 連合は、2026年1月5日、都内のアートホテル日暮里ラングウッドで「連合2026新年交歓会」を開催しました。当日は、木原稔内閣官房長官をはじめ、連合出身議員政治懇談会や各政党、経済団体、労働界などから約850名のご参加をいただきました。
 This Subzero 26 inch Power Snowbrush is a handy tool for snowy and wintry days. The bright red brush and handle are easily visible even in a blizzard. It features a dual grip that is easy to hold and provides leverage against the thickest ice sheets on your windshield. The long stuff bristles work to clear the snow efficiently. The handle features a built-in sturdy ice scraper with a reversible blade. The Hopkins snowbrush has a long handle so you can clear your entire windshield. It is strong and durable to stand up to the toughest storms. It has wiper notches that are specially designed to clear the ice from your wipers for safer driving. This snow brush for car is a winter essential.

==

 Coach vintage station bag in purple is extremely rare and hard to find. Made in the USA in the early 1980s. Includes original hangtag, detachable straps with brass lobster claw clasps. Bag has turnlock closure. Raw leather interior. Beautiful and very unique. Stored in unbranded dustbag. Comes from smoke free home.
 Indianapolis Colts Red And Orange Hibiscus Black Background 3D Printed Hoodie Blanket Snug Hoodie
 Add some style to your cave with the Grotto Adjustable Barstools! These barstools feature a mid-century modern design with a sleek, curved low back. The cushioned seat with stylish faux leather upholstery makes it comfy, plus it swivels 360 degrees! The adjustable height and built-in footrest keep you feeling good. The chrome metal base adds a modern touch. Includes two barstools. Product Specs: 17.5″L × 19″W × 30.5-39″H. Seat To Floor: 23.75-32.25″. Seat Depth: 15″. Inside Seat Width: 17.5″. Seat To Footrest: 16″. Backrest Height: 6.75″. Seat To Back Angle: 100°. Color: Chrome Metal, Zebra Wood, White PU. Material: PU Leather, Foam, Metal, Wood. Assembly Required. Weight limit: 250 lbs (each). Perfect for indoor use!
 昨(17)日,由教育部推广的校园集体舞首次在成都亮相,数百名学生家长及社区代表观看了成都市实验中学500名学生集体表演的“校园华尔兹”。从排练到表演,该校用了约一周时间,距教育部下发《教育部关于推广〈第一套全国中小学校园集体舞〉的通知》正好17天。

--

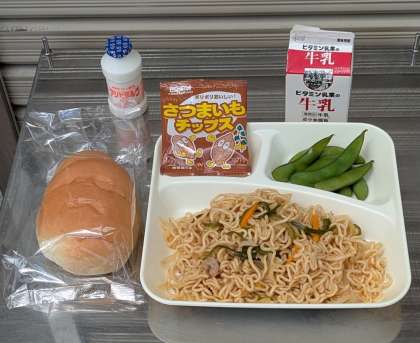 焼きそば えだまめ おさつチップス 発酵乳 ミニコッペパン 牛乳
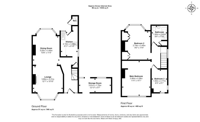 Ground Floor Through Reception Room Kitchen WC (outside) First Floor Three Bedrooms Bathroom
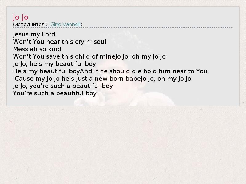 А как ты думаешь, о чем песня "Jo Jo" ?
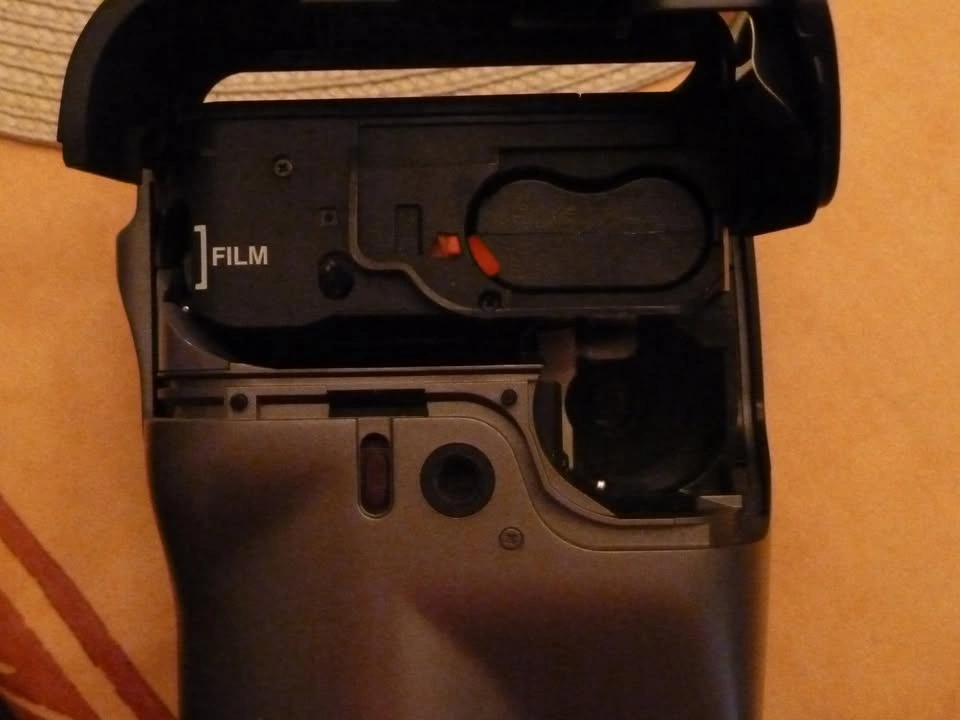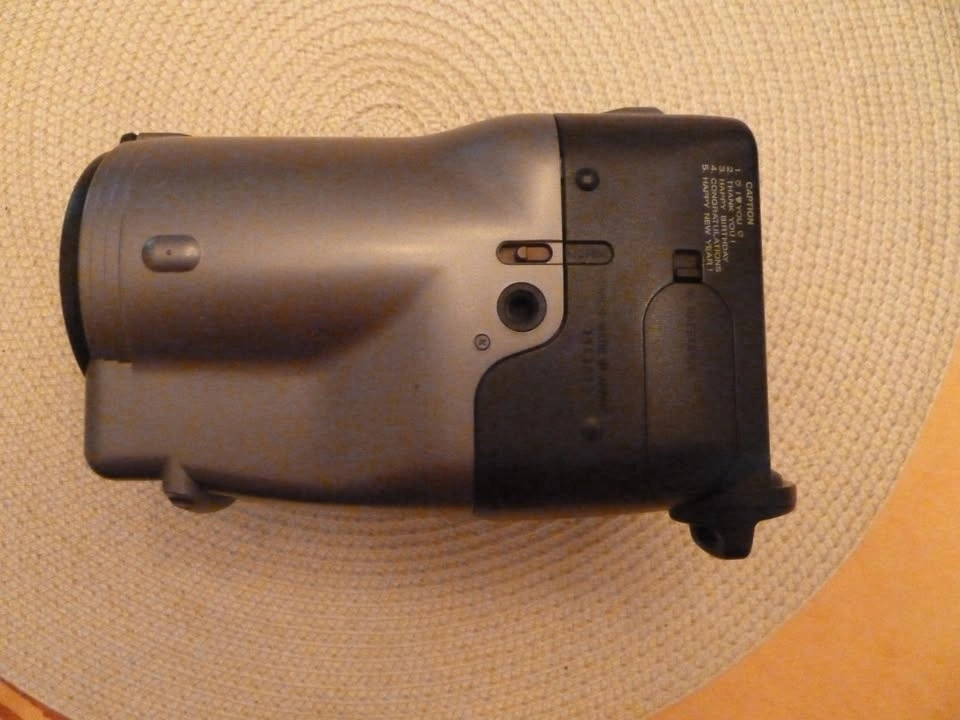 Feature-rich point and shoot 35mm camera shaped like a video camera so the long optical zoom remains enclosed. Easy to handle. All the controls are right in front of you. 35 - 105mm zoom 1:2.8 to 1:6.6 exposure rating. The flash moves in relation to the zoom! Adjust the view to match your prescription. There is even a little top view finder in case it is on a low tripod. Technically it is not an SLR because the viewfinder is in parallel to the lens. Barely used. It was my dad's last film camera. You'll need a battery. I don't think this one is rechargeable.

■ **Problem statement**:
If a line in the data holds the string "built", copy that line.

■ **Reply**:
 This Subzero 26 inch Power Snowbrush is a handy tool for snowy and wintry days. The bright red brush and handle are easily visible even in a blizzard. It features a dual grip that is easy to hold and provides leverage against the thickest ice sheets on your windshield. The long stuff bristles work to clear the snow efficiently. The handle features a built-in sturdy ice scraper with a reversible blade. The Hopkins snowbrush has a long handle so you can clear your entire windshield. It is strong and durable to stand up to the toughest storms. It has wiper notches that are specially designed to clear the ice from your wipers for safer driving. This snow brush for car is a winter essential.
 Add some style to your cave with the Grotto Adjustable Barstools! These barstools feature a mid-century modern design with a sleek, curved low back. The cushioned seat with stylish faux leather upholstery makes it comfy, plus it swivels 360 degrees! The adjustable height and built-in footrest keep you feeling good. The chrome metal base adds a modern touch. Includes two barstools. Product Specs: 17.5″L × 19″W × 30.5-39″H. Seat To Floor: 23.75-32.25″. Seat Depth: 15″. Inside Seat Width: 17.5″. Seat To Footrest: 16″. Backrest Height: 6.75″. Seat To Back Angle: 100°. Color: Chrome Metal, Zebra Wood, White PU. Material: PU Leather, Foam, Metal, Wood. Assembly Required. Weight limit: 250 lbs (each). Perfect for indoor use!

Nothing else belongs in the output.